### [Task details]
Omit the pictures and retype only the lines from the one containing "Maximum CAPE (J/Kg)" through the end of the listing, both ends included.

### [Data]
::::

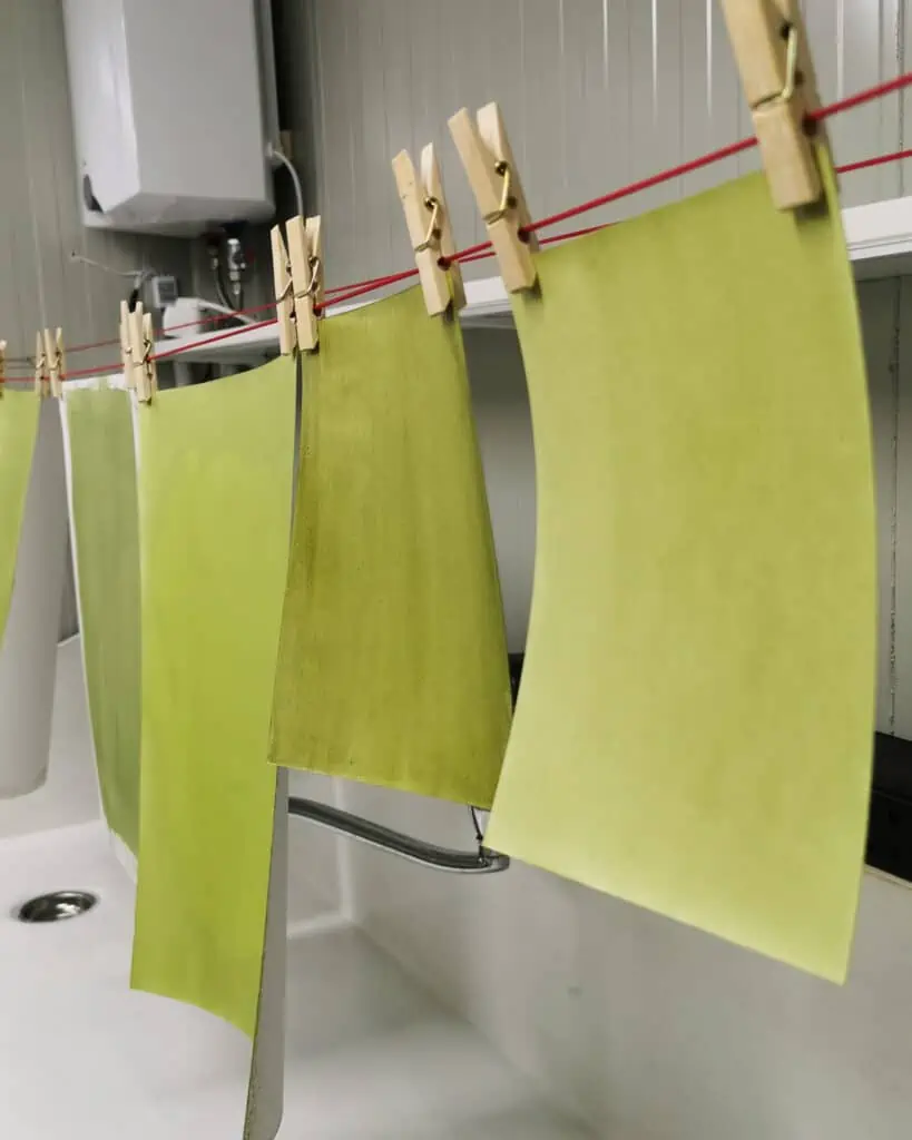 When paper is coated it needs to dry. You can simply leave it laying flat on a surface or hang it. If you would like to speed up the process you can use a hairdryer. I don’t like to use it myself because it often results in an uneven coating…
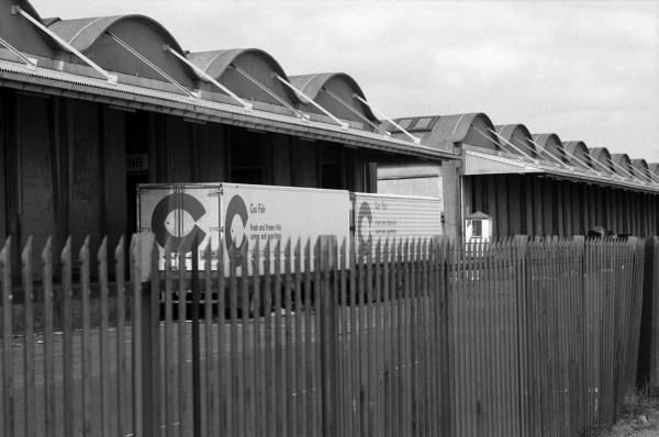 27k45: Dockside sheds from footpath by Humber, Albert Dock, 1981 - Docks
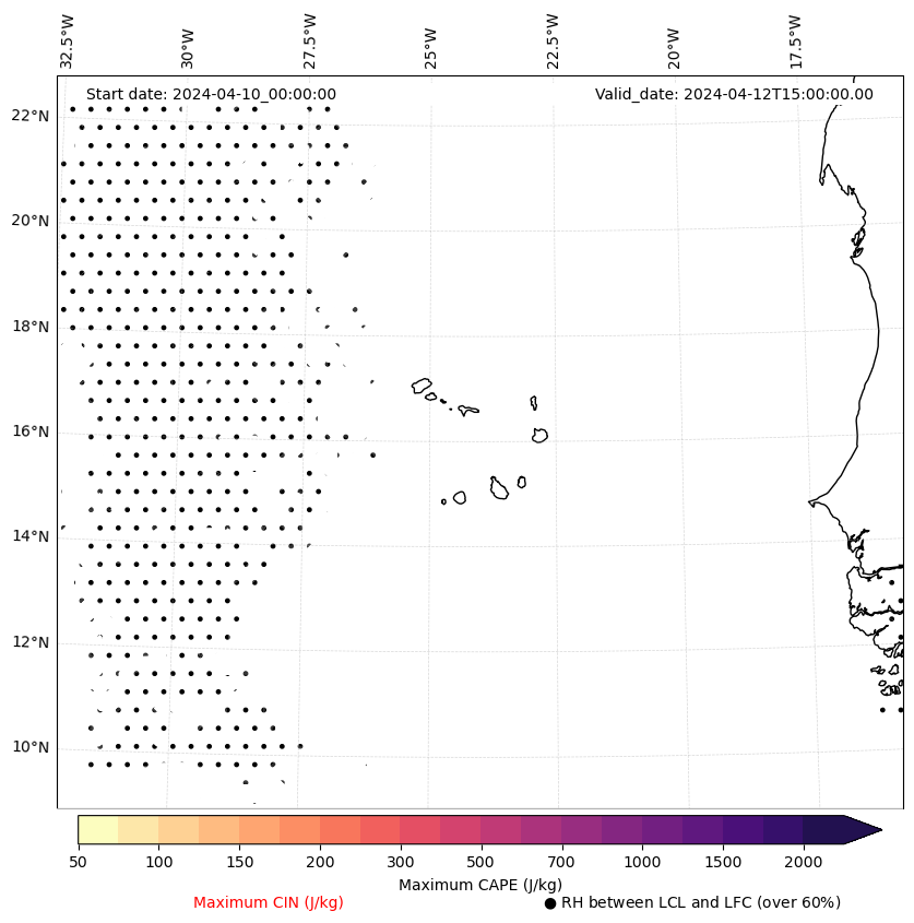 • Maximum CAPE (J/Kg)
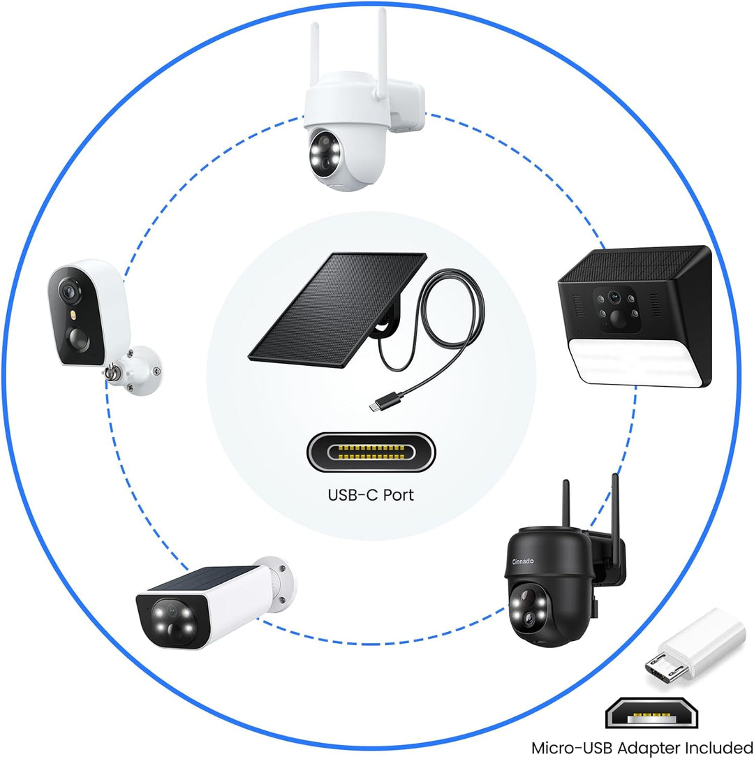 - Kompatibel mit Typ-C Akku Kameras: Galayou Solarpanel wird mit einem Typ-C-Kabel mitgeliefert ,und ist kompatibel mit Typ-C kabellosen batteriebetriebenen Überwachungskameras für Aussen
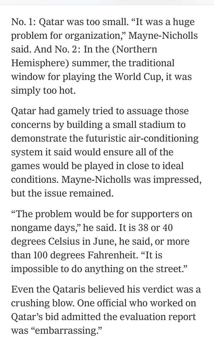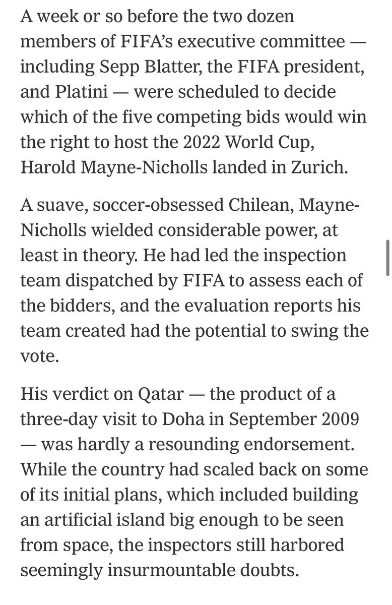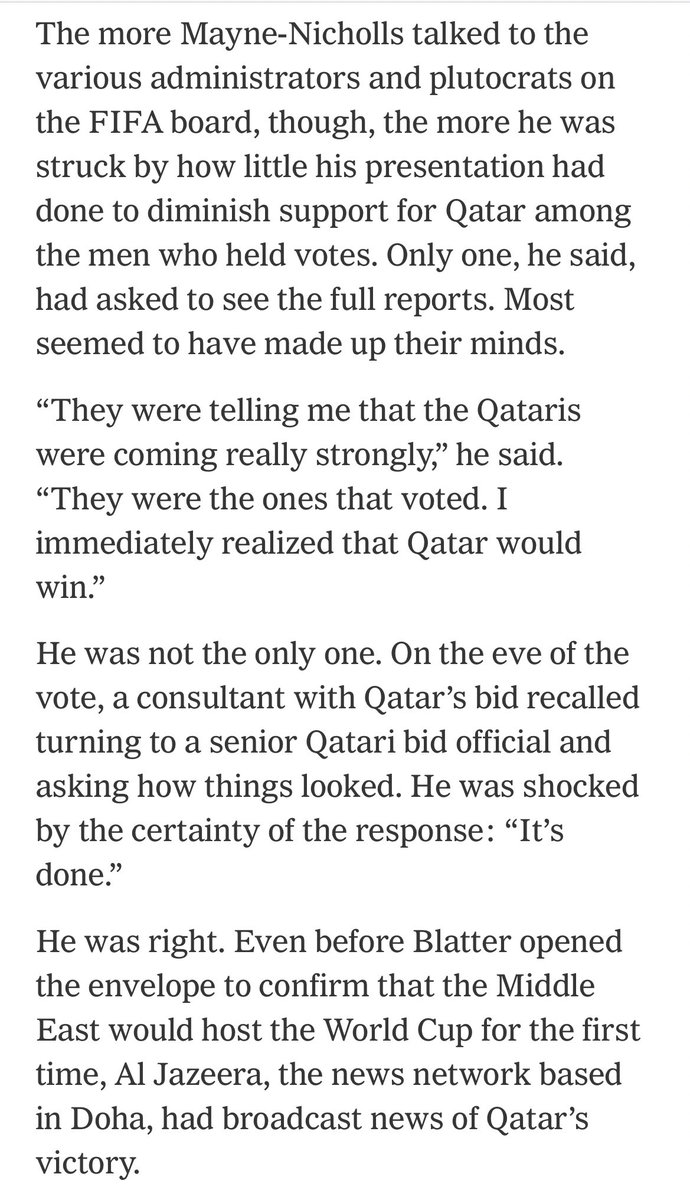“Even the Qataris believed his verdict was a crushing blow. One official who worked on Qatar’s bid admitted the evaluation report was “embarrassing.”
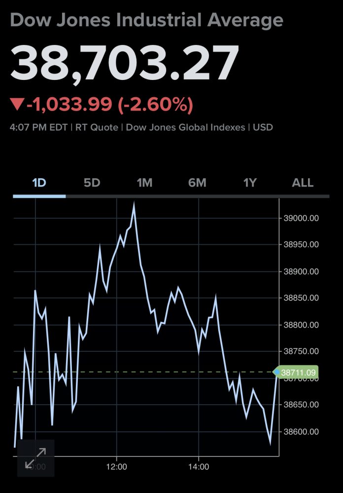 2.7%, or 1,075 points, were taken off the Dow. The Dow Jones Industrial Average fell 3.7%, while the S&P 500 fell 3.2%.
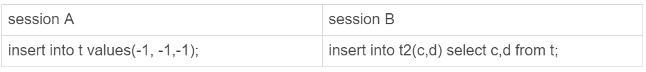 当然了,执行 insert … select 的时候,对目标表也不是锁全表,而是只锁住需要访问的资源。如果现在有这么一个需求:要往表 t2 中插入一行数据,这一行的 c 值是表 t 中 c 值的最大值加 1。
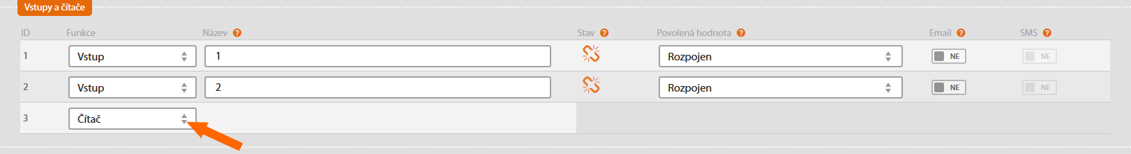 V tabulce Vstupy a čítače vyberte u toho vstupu, do kterého máte připojené měřidlo, funkci Čítač.

::::

### [Output of the task]
 • Maximum CAPE (J/Kg)
 - Kompatibel mit Typ-C Akku Kameras: Galayou Solarpanel wird mit einem Typ-C-Kabel mitgeliefert ,und ist kompatibel mit Typ-C kabellosen batteriebetriebenen Überwachungskameras für Aussen
“Even the Qataris believed his verdict was a crushing blow. One official who worked on Qatar’s bid admitted the evaluation report was “embarrassing.”
 2.7%, or 1,075 points, were taken off the Dow. The Dow Jones Industrial Average fell 3.7%, while the S&P 500 fell 3.2%.
 当然了,执行 insert … select 的时候,对目标表也不是锁全表,而是只锁住需要访问的资源。如果现在有这么一个需求:要往表 t2 中插入一行数据,这一行的 c 值是表 t 中 c 值的最大值加 1。
 V tabulce Vstupy a čítače vyberte u toho vstupu, do kterého máte připojené měřidlo, funkci Čítač.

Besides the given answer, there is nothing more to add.